Solving Business Problems with SQL Server 2005 Data Mining
Data Mining is about exploring your data, finding patterns and performing predictions. Where querying and analysis tells you what, data mining tells you why and how. In SQL Server 2005, data mining is made accessible and easy to use through an integrated user interface, cross-product integration and familiar, standard APIs. From the two algorithms that existed in SQL Server 2000, there are now a total of seven algorithms available out of the box, and it's possible to extend this further using an SDK.
Data Organisation
How can we organise data to provide the most pertinent information? OLAP provides fast queries with aggregations, but the hierarchies are schema-driven. That makes it hard to know what hierarchies are meaningful or provide actionable information. "Intelligent" OLAP provides self-organising cubes with data-driven hierarchies. You can achieve this with a data mining dimension: from a cube, you generate a mining model that is used in turn to create a new dimension.

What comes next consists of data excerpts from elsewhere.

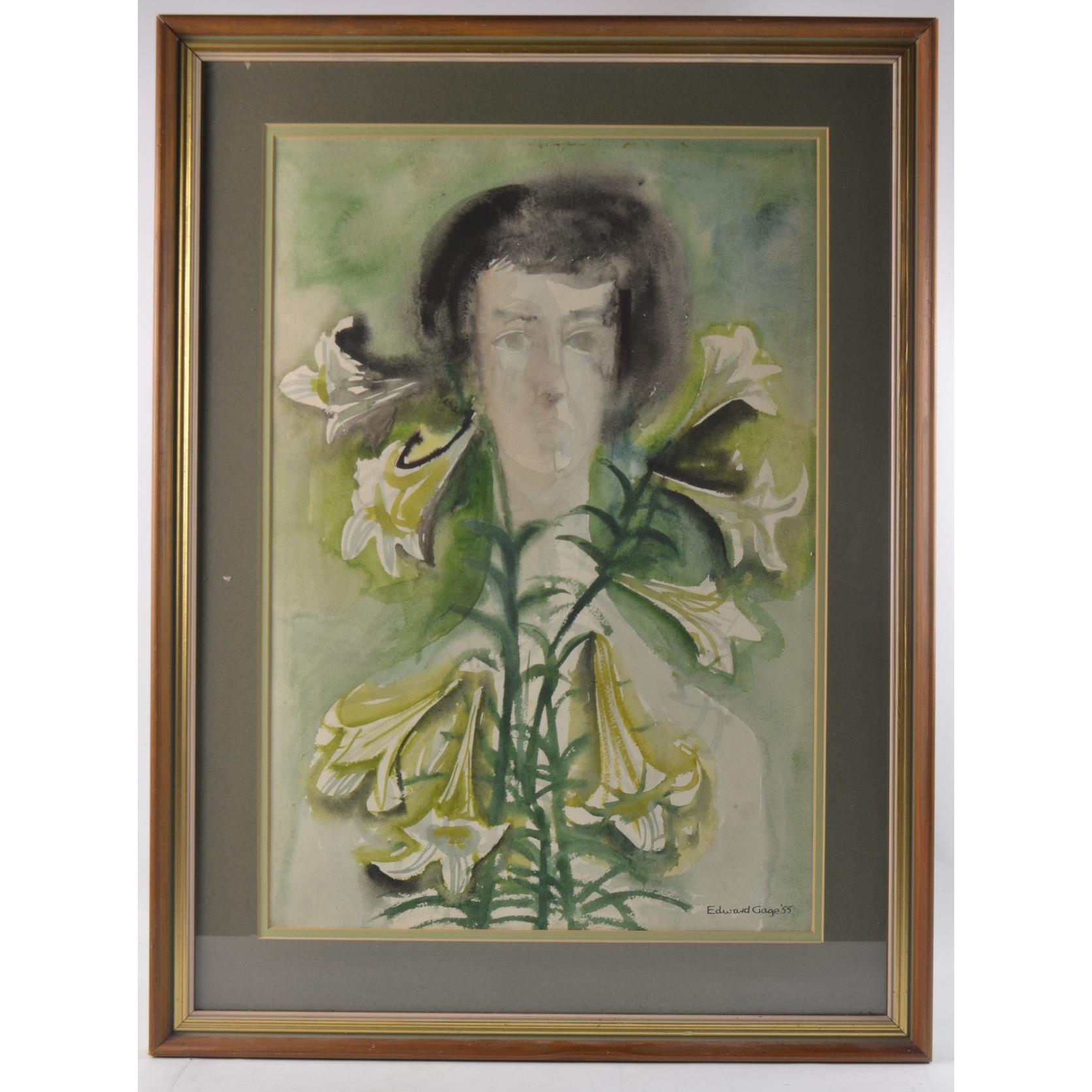 'Nancy with Madonna Lilies' watercolour 55cm x 38cm signed bottom right.
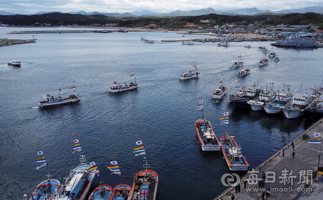 30일 오전 울진군 수산업 종사자들이 죽변항 앞바다에서 어선 30척을 동원해 일본 후쿠시마 원전 오염수 해양방출 결정을 규탄하는 해상 시위를 벌이고 있다. 이들은 규탄 성명을 통해 일본 정부에는 일방적 해양 방출 결정 즉각 철회와 투명한 정보 공개, 과학적 검증 수용을, 한국 정부에는 수산물 안전관리방안과 수산업 보호대책 마련을 촉구했다. 우태욱 기자 woo@imaeil.com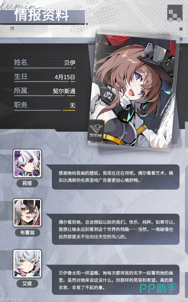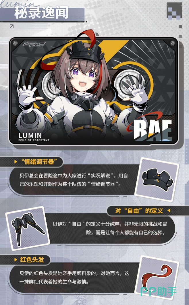 贝伊既是契尔斯通先锋勘测小队的实战尖兵,也是绿梦时空之声世界观中文明韧性的视觉化身。她用行动诠释:即便侵蚀尚未退散,人类仍可通过技术理性与精神自觉,在废墟之上重新校准希望坐标。绘画是她的观测方式,战斗是她的语言形式——二者共同将外部世界的复杂性引入要塞认知体系,也为所有玩家提供了一条通往未来重建的认知通道。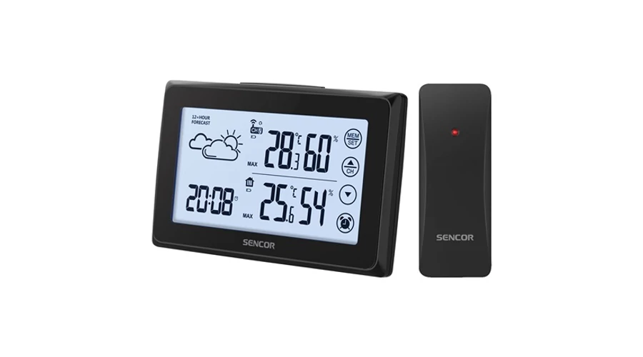 A Sencor SWS 2850 időjárás állomás alkalmas a páratartalom és hőmérséklet beltéri és kültéri mérésére. Az LCD-kijelzőn látható a pontos idő és dátum, valamint a hét aktuális napja is. Lehetőség van ismétlődő ébresztés beállítására. Akár 50 méteres távolságig is képes az adatátvitelre. 12 és 24 órás időformátum megadásának lehetősége, valamint a hőmérséklet °C és °F fokban is megjeleníthető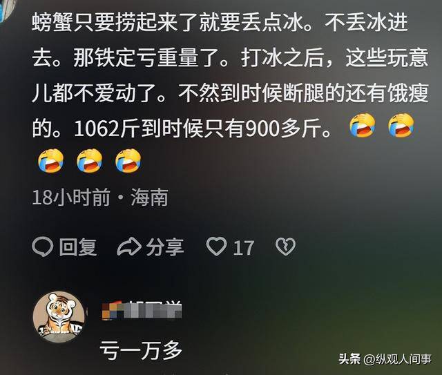 “螃蟹只要捞出来就开始损耗,看你们又是扔又是网的最后肯定断腿,再检验几天还会饿瘦,1000多斤到时候能落下900斤就不错了。”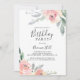 Este elegante convite de aniversário floral cor-de-rosa é perfeito para uma simples celebração de aniversário. A design apresenta rosas rosas desenhadas à mão e peônias com folhas verdes e cinzas, inspirando beleza natural.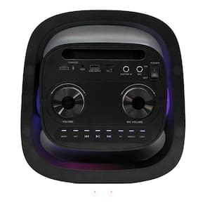 Potência total: 160w rms alto-falantes: 2 woofers de 6,5 + 2 tweeters de 20w bluetooth 5.3 com alcance de até 15m bateria recarregável de 4000mah iluminação led integrada função tws para som estéreo com duas caixas entradas: usb, tf, aux, microfone com fio e guitarra funções adicionais: rádio fm e gravação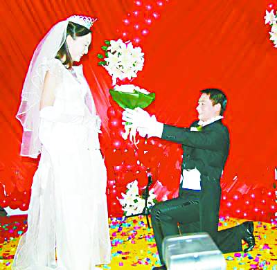 新娘张倍宁是一位歌手,当主持人问到新娘最满意自己演唱的歌曲是什么名字时,她回答:“爱我的人请举手”,新娘的话音刚落,李小双就将自己的左手举了起来,博得了在场亲朋好友的一阵热烈掌声。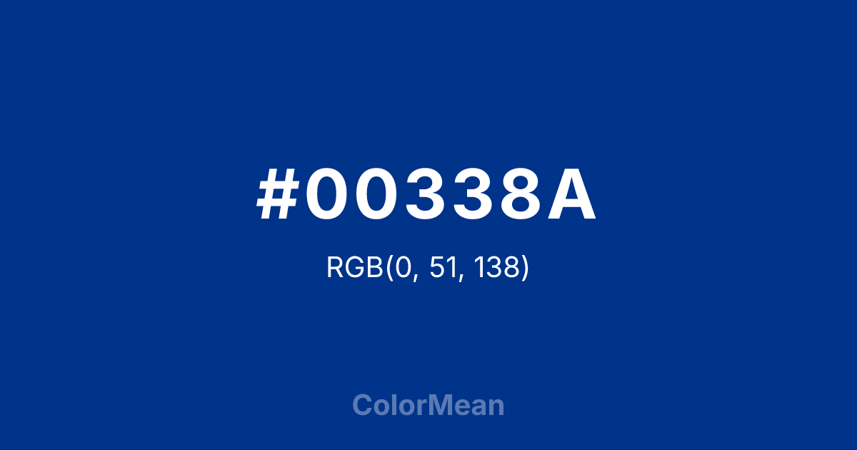 #00338A RGB value is (0, 51, 138). The hex color red value is 0, green is 51, and blue is 138. Its HSL format shows a hue of 218°, saturation of 100 percent, and lightness of 27 percent. The CMYK process values are 100 percent, 63 percent, 0 percent, 46 percent.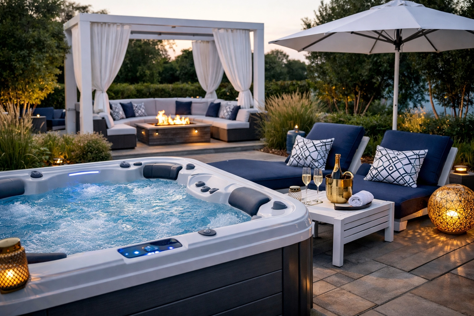 Tactile planting. Soften the edges of your hardscaping with feathery grasses and ornamental shrubs. Position container gardens at eye level so you can enjoy seasonal blooms while you’re in the water. By mirroring the shape of your tub: whether it’s square or round: with your patio layout, you create a cohesive, minimalist aesthetic that feels professionally designed.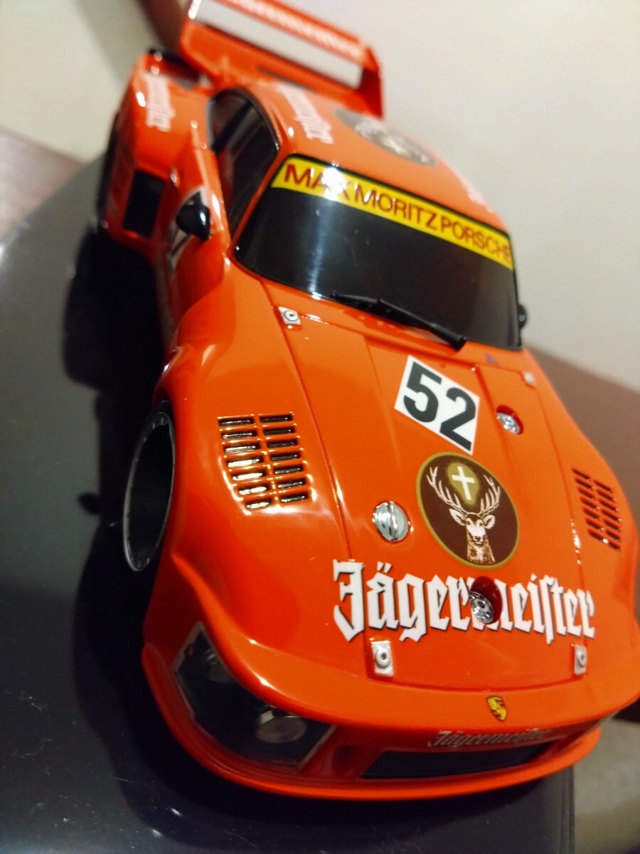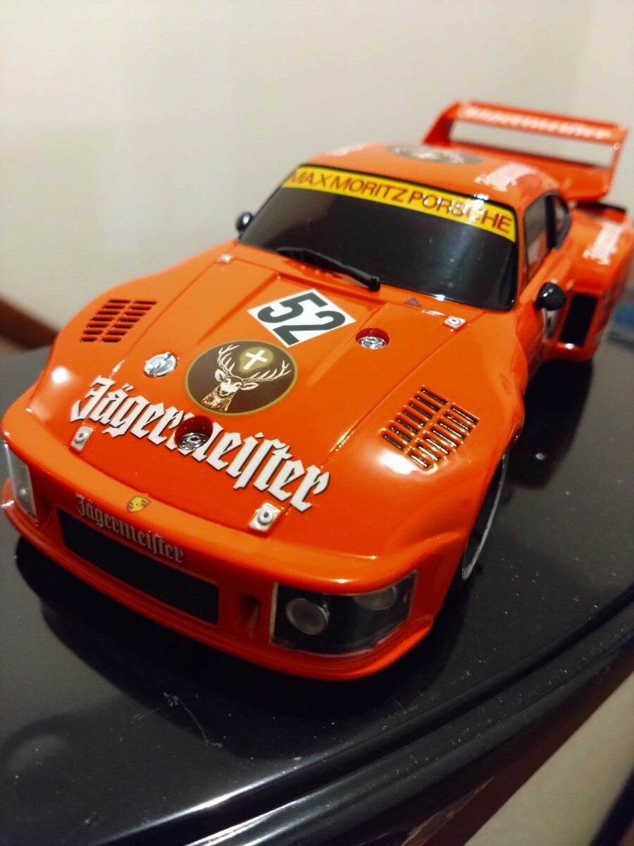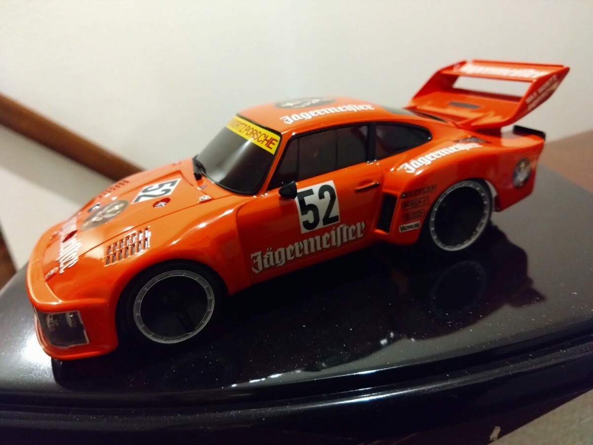 こちらはKyosho Mini-Z用の1/28スケールボディシェル、Porsche 935 Turbo 1977 Jgermeister #52です。ポリカーボネート製で光沢仕上げが施され、オレンジのボディにJgermeisterロゴと#52ナンバーが特徴的です。ボディ長さ約13-15cm、ホイールベース94mmで、MR-015RM、MR-02、MR-03、MR-04などのRWDシャーシに高い互換性があります(AWDシャーシは調整が必要)。レースカーのリアルなデザインを再現したコレクターアイテムです。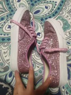 Vans authentic Glitter rosa .Talla 25, usados en buen estado, están tal cual las fotos, hacer zoom.Se envían al día siguiente (hábil), caja reciclada.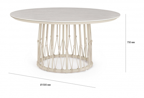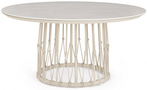 Lanai - роскошный круглый обеденный стол, который сочетает в себе монументальность формы и легкость выразительного дизайна. Столешница из спеченного камня толщиной 12 мм - это натуральный материал, обработанный при экстремально высоких температурах, что обеспечивает исключительную прочность, устойчивость к царапинам, термическим воздействиям и простоту в уходе. Основание из алюминия с порошковым покрытием декорировано эффектным плетением из водоотталкивающих полиэстеровых канатов, устойчивых к УФ-излучению, что придает модели уникальный визуальный объем и текстурность.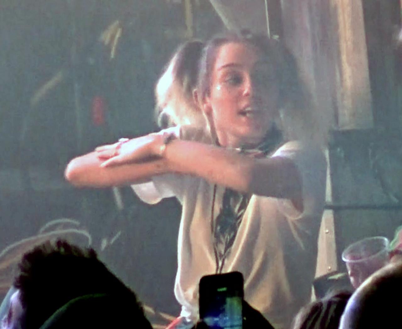 マイリー・サイラスがバンドのライブに登場、友人と独特なダンスで踊りまくる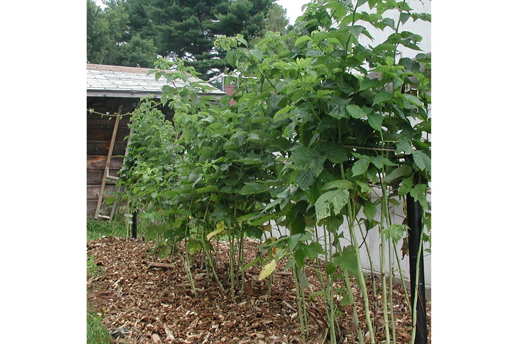 2. Next, cut down any new canes that look spindly or diseased, or are overcrowded. When you return to your planting in winter, continue this step, more aggressively, removing canes trying to escape the foot-wide hedgerow or their hill. Also, further reduce the number of canes in the row or at the hill to the healthiest-looking ones, 6 inches apart in hedgerows, or six canes per hill.
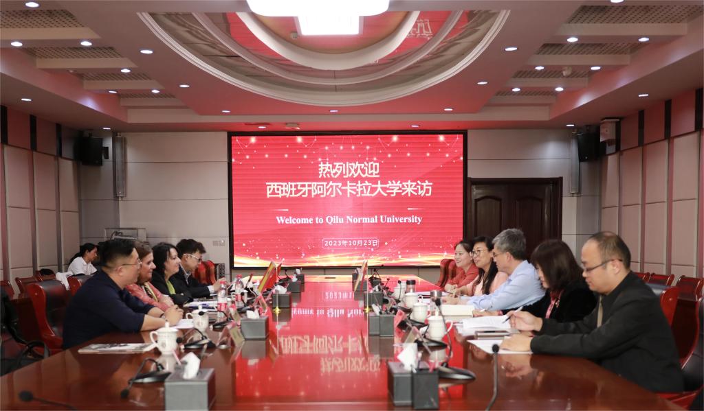 10月23日下午,西班牙阿尔卡拉大学国际语言学院院长、经济学院负责人Maria、国际语言学院教务部主任Sonia一行到校访问,齐鲁师范学院副校长张兆明出席座谈交流,地理与旅游学院、经济与管理学院负责人陪同参加,座谈会由国际交流与合作处处长何艳主持。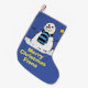 Prepare-se para uma visita de Papai Noel! O Christmas Stocking apresenta uma ilustração divertida de um boneco de neve em uma cena de inverno gelado e nevado. Personalize com sua própria escolha de nome. Snowman está à espera do Pai Natal!
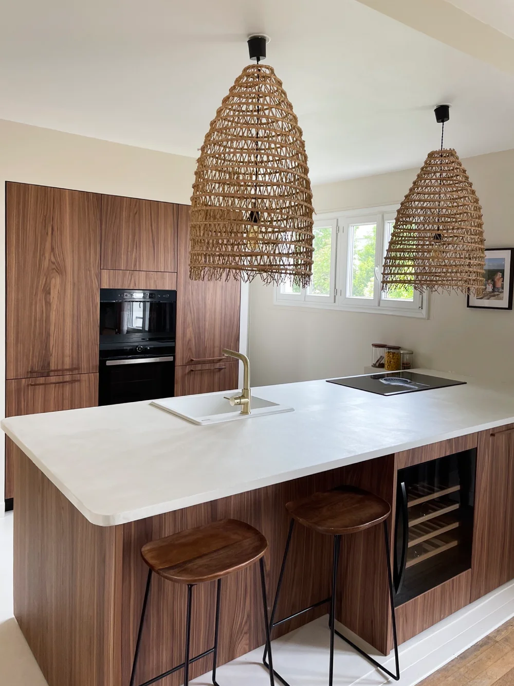 Meuble Armony© modèle Yota, poignées bois, coloris laque Lino 1136 mat et modèle Rho, coloris mélaminé Noce Canaletto.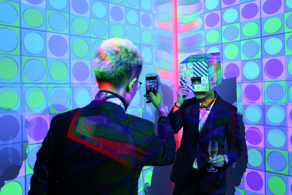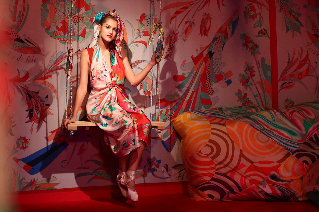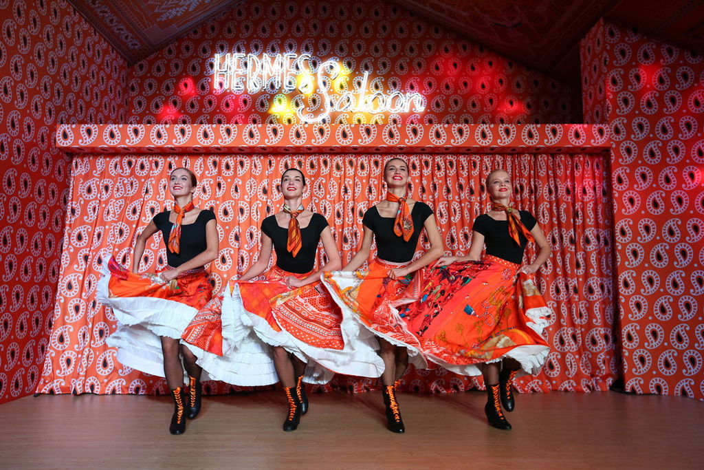 上周位于上海淮海中路的 Hermès Mansion 迎来了不一样的一夜。为了庆祝这座楼高四层、Hermès 于中国的旗舰建筑开业两周年,品牌把内里重新打造,以各种签名式方巾图案改变了内装,变为活色生香的视听味觉盛宴,去款待各 VIP 与受邀宾客。 原来一楼位置,以艺术鸟舍作为灵感命名为「真丝天堂」,为参与宾客提供美食与美酒,还有仿剌青与照相馆小游戏先暖身。二楼开始便是别开生面的表演,先是色彩艺术家 Splash 陪伴到访的宾客从中挑选出装载了不同颜料的小汽球投掷至墙面,并解说相应的色彩涵义,直接绘制出色彩创意墙。再上一层楼,看到游乐场一样的设定,既有投篮的「H 型锚链世界」,用了印有爱马仕丝巾图案的纸球,代替了传统篮球进行比斗;还有以原创丝巾图案为灵感,以 3D 投射进行动态自拍效果。原来经常用作展览之用的第四层,便命名为「橙色沙龍」,以 Hermès 专属的橙色布置成表演舞台,有乐手演出,亦有舞蹈表演,去为这个百年品牌于上海的地标庆生。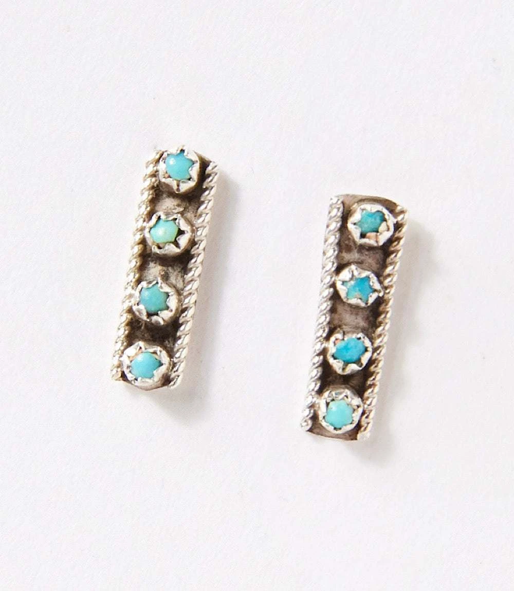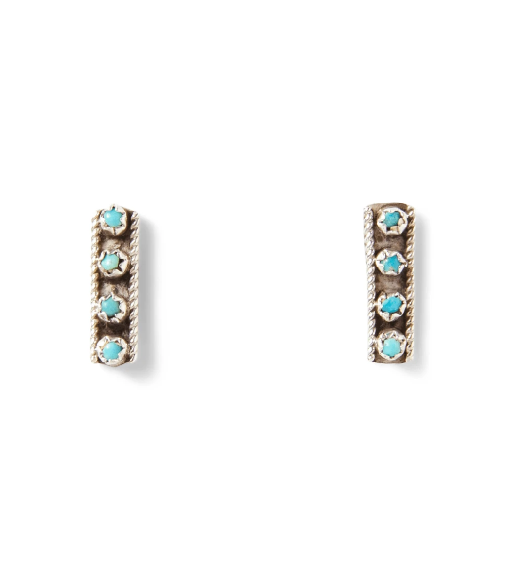 Handmade by a Navajo artist, these Bar Stud Earrings feature stunning Turquoise stones and are made with sterling silver. Each piece is uniquely crafted, making them one-of-a-kind accessories for any occasion. Elevate your style with these exquisite earrings.

For example, the clustering algorithm takes the input data and attempts to segment it into groups. You could now rename those groups, before creating a data mining dimension and using them as dimension members for slicing data. Similarly, a decision trees algorithm could be used to generate a parent-child dimension. This enables us to determine (for example) which groups of customers are the most profitable, in a far more intelligent way than if we'd used OLAP alone without integrating data mining algorithms.
Data Cleansing
How do we clean data as we load it into the data warehouse? We can use DTS pipeline integration in combination with a DM clustering algorithm to separate out clean and bad data. This can help us detect spurious data members (for example, a parent younger than 10 years old).
The steps are as follows:
- Create a clustering model for the data you want to cleanse
- Create a DTS project
- Add a data source
- Add a Mining Query Transform using the PredictCaseLikelihood() function
- Do a conditional split based on the output.
Comments
- Anonymous
August 03, 2004
Hi,
I would like to know more about the Data Mining algorithms available in SQL Server 2005. Is there any neural network based prediction algorithm?.
I downloaded SQL Server 2005 Yukon Beta 2 from MSDN, Installed it, but the help pages does not cover Data Mining. In the "Data Mining" page I found a message "Information yet to come"
Pls help me,
Thanks in advance,
Dhanan
dhanan@ushustech.com - Anonymous
August 03, 2004
Dhanan,
That's a good question. We're still working on the data mining documentation as you can see, but I'll push the question around internally and find out whether there are any white papers or similar due for imminent release.
In the meantime, there's a good overview of the data mining capabilities in SQL Server 2005 at the following location:
http://www.microsoft.com/technet/prodtechnol/sql/2005/evaluate/dwsqlsy.mspx#XSLTsection126121120120
(Search for a heading entitled "Data Mining").
Hope this gives you some useful information,
Tim - Anonymous
July 11, 2005
I am a database administrator and an MBA student as well. I would like to know more about how to design a data mining infrastructure from the relational data to the data warehouse. I would like to develop a full solution on data mining and business intelligence by offering businesses a service that utilizes their existing OLTP databases for use in data mining pruposes. Any references?